Two masked men started a home invasion in Bradenton, Florida. One man stopped it, another man died, and the third man will face felony murder charges. As Bradenton's sheriff declared yesterday, the lesson from all of this is ... don't rob people in the Sunshine State, lest ye 'find out.'
Sheriff Rick Wells told the media that this was a case of self-defense and praised the homeowner for protecting his home and his family. "This is the state of Florida," an emotional Wells said at a press conference. "If you want to break into someone's home, you should expect to be shot":
Unless other facts come to light, this looks like a classic case of justifiable homicide in self-defense:
The couple had been enjoying their night at home when the husband got an alert from home security cameras about motion detected on the side of the house. As he checked the cameras, Wells said the homeowner saw two masked men outside trying to break in.
He reportedly told his wife to get to a safe place and grabbed his gun before going to a spare bedroom/office where he was “immediately” confronted by one of the masked invaders.
The homeowner fired his weapon at least three times, hitting the masked man who was already inside the house. The other masked invader, who deputies later identified as 39-year-old Michel Soto-Mella from Chile, was climbing through the window but then quickly backed out of the house and ran away, Wells said.
Soto-Mella was later found by sheriff’s K-9s and deputies just a few blocks from the crime scene and was arrested. Wells said the sheriff's office is working with Border Patrol because Soto-Mella reportedly entered the country in California from Chile and was given a 90-day visa that has since expired.
Bear in mind that some states do not necessarily allow for lethal force in self-defense even inside the home just for intrusion only. Their statutes may require a separate element of threat to bodily harm, while others may require an attempt to retreat first -- even in the home. (Good luck prosecuting such cases where a break-in takes place without those other elements, though. Jurors will almost certainly put themselves in that position and find reasonable doubt, if not outright rejection of an indictment.)

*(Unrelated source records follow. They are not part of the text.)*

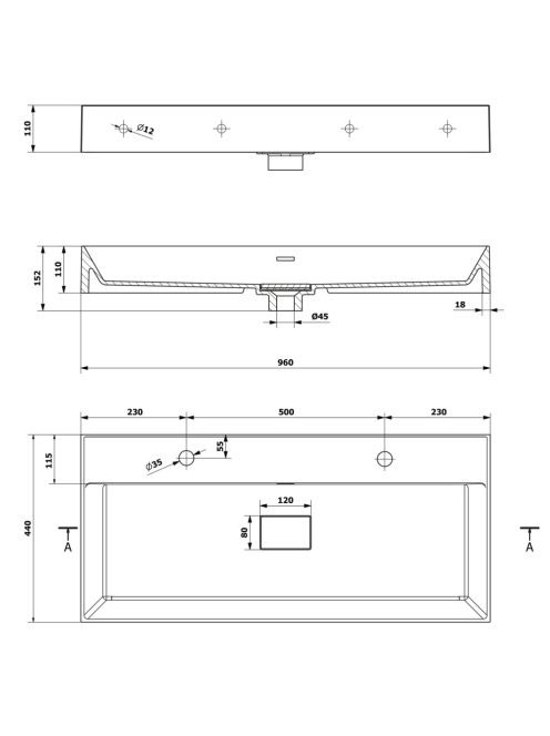 Sapho Godiva öntött márvány mosdó 96x44 cm, 2 csapfurattal,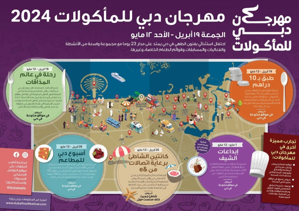 ويُمكن خلال هذا الأسبوع الاستمتاع بعدد من فعاليات المهرجان المميزة ومن ضمنها، «طبق بـ 10 دراهم»، حيث انطلقت الدورة الجديدة من هذه الفعالية المميزة بالتعاون مع عدد كبير من المطاعم في جميع أنحاء المدينة، حيث يُمكن للجميع تذوّق أشهى الأطباق المميزة مقابل 10 دراهم فقط.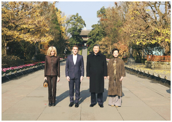 12月5日,国家主席习近平在四川省成都市都江堰同法国总统马克龙进行友好交流。这是习近平和夫人彭丽媛同马克龙夫妇合影。 新华社记者丁海涛 摄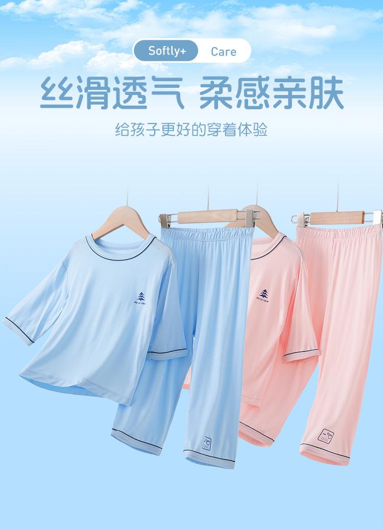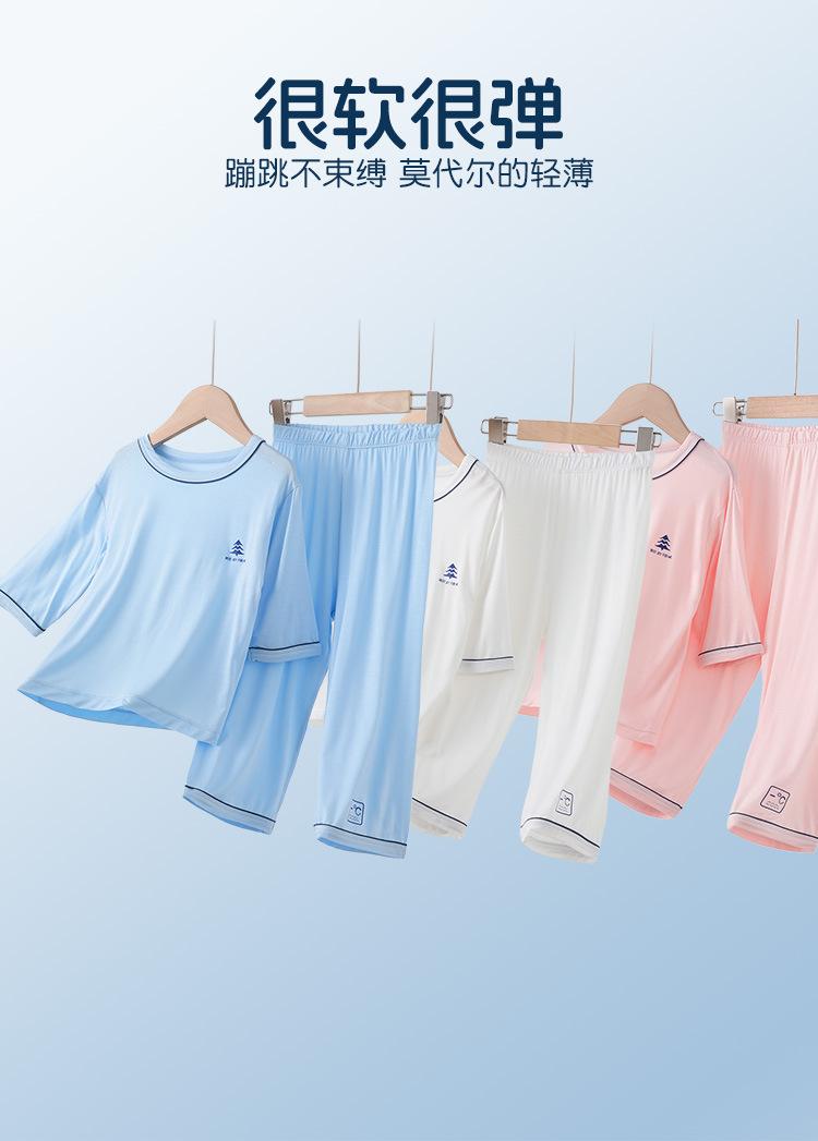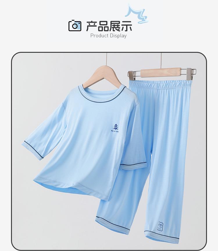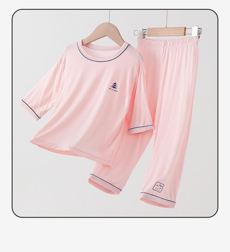 Conjunto Modal para Niños para Casa Primavera y Otoño Pijama Delgado para Niños y Niñas Traje para Aire Acondicionado Verano A

Florida is not one of those states, of course. The Florida statute on lethal self-defense explicitly states that there is no duty to retreat from anywhere a person has a legal right to be. Where a reasonable fear of either imminent death, great bodily harm, or "the imminent commission of a forcible felony" is present, lethal force can be used in self-defense.
Two men breaking into an occupied house wearing masks? Find me a person who wouldn't fear "the imminent commission of a forcible felony," not to mention the death and great bodily harm possibilities. It doesn't matter what the perps intended -- only whether the victims had a reasonable fear of any one of those outcomes. It doesn't even matter in a legal sense for this question whether the perps themselves were armed, although apparently these perps were.

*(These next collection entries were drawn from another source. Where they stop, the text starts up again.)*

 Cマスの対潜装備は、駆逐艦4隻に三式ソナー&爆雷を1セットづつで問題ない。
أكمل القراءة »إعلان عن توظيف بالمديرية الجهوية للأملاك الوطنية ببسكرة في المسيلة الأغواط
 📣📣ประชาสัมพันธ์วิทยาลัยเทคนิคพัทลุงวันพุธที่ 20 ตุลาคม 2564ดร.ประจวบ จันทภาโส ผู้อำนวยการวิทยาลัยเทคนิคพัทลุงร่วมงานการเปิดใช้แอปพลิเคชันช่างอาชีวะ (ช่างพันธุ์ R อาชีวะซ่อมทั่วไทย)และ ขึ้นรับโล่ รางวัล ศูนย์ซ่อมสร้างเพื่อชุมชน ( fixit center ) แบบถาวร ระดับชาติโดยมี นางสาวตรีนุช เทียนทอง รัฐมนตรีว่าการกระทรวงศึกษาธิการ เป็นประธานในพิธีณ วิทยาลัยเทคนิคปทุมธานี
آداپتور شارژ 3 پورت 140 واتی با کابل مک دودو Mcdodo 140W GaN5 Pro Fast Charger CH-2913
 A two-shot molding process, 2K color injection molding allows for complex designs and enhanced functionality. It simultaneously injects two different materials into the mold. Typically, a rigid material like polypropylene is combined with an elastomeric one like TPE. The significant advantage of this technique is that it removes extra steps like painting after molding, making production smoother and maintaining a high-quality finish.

However, that matters for what happens next. If the sheriff says this is justifiable homicide, then who's looking at murder charges? The perp who got away. Like many states, Florida holds anyone participating in the commission of a felony criminally responsible for any death that takes place during the crime. As Soto-Mella is about to find out, that even includes your partner when a victim kills him in self-defense:
Soto-Mella has been charged with armed burglary, but additional charges are pending.
Detectives could charge him with felony murder, since his accomplice died while carrying out a crime.
During his hearing, Soto-Mella insisted that he wasn't armed, a declaration that the judge rejected as irrelevant at the arraignment. (That's an argument for trial.) Here too, though, it doesn't matter whether Soto-Mella himself had a weapon. If Flores-Toledo had a weapon, then both of them are subject to prosecution for armed robbery -- and since that's a felony, it would also make it a murder case against the guy who ran away. Prosecutors haven't added the charge yet, but they have plenty of reasons to do so, especially to deter such criminals from showing up in Florida in the first place.
In other words, Soto-Mella's FA lasted for a few minutes. His FO will likely go on for the rest of his life. Maybe such criminals should avoid Florida, and I'd recommend staying out of Texas as well. Just sayin'.